*EXERCISE INSTRUCTIONS*.
Write out the following listing's lines from the one with "1 | 1430g |" to the one with "- Enabled Software", exactly, with both included and no others.

*DATA FOR PROCESSING*.
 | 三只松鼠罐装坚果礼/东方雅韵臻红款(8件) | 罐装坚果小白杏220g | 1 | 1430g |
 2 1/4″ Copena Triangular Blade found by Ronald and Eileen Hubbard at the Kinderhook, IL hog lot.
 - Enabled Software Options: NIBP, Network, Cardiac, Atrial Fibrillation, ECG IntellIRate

==

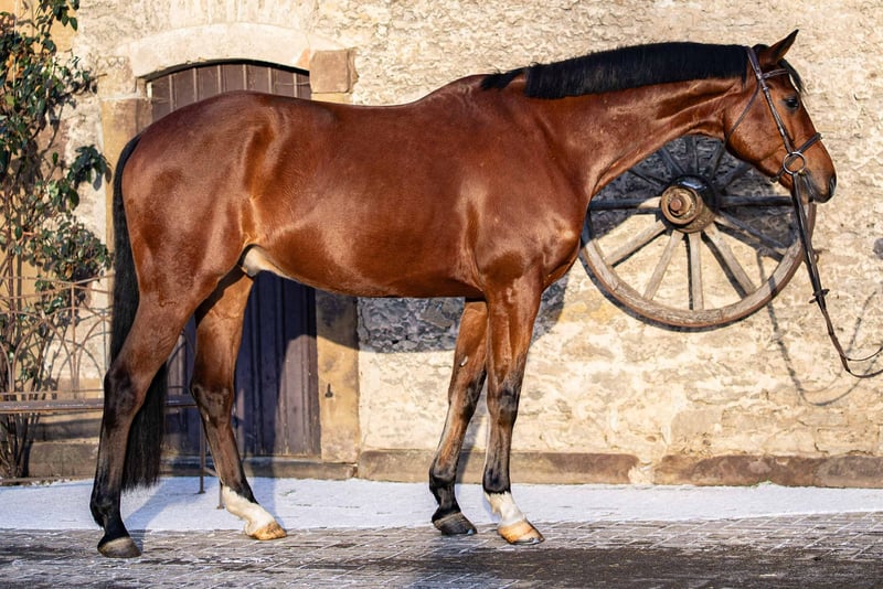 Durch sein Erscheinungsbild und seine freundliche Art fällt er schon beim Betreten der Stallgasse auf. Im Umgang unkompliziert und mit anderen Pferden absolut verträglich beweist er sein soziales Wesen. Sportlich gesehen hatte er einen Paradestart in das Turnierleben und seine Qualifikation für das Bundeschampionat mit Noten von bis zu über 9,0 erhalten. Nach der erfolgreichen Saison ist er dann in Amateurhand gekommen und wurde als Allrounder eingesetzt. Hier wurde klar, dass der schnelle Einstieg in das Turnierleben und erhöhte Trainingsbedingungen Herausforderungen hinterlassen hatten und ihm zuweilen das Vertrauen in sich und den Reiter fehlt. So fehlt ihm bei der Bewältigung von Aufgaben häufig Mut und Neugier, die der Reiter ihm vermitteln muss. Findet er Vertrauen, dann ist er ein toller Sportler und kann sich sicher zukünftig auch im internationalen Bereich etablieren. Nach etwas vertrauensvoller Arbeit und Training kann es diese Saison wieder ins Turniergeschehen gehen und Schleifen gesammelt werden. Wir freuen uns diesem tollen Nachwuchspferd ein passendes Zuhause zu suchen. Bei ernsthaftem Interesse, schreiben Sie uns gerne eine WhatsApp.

*EXERCISE OUTPUT*.
 | 三只松鼠罐装坚果礼/东方雅韵臻红款(8件) | 罐装坚果小白杏220g | 1 | 1430g |
 2 1/4″ Copena Triangular Blade found by Ronald and Eileen Hubbard at the Kinderhook, IL hog lot.
 - Enabled Software Options: NIBP, Network, Cardiac, Atrial Fibrillation, ECG IntellIRate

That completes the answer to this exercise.